In the midst of all this zaniness, the commentators talked and talked: “Holland has lost its innocence”; “the end of multiculturalism”; “tolerance has its limits.” The general trend was rightward, and toward an atmosphere of perhaps exaggerated anxiety. Max Pam was not the only person I spoke to who believed that if the authorities didn’t tackle the Islamist problem now Holland would eventually have a civil war on its hands. Conservatives, who had warned for many years that Muslim immigration would cause problems, found new allies among former leftists. And liberals, such as Job Cohen, who had promoted tolerance and multiculturalism were denounced as irresponsible softies.
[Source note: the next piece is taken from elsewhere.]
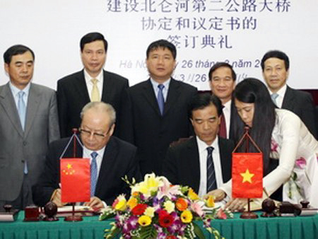 ![]() Dirigentes de los ministerios de Transporte de Vietnam y China firman el acuerdo de construcción del puente Beilun 2
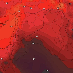 أما عن ساعات الليل فيُتوقع أن ترتفع درجات الحرارة الصغرى بشكل ملموس مقارنة بما كانت عليه خلال الليالي الماضية، وتتحول الأجواء لتصبح لطيفة إلى معتدلة بوجه عام في مختلف المناطق، لكنها تميل للحرارة في ساعات الليل الأولى في الأغوار والبحر الميت والعقبة.

A key text in this national discussion was by Paul Scheffer, a social critic and an influential thinker in the Labor Party. In NRC Handelsblad, the most important national broadsheet, he wrote, “Segregation in the big cities is growing, and this is very bad news. That is why the soothing talk of diversity and dialogue, of respect and reason, no longer works. Tolerance can survive only within clear limits. Without shared norms about the rule of law, we cannot productively have differences of opinion. . . . The self-declared impotence of our government to guarantee public order is the biggest threat to tolerance.” To be sure, Scheffer had been saying this kind of thing for some time, but when old lefties cry out for law and order you know something has shifted in the political climate; it is now a common perception that the integration of Muslims in Holland has failed.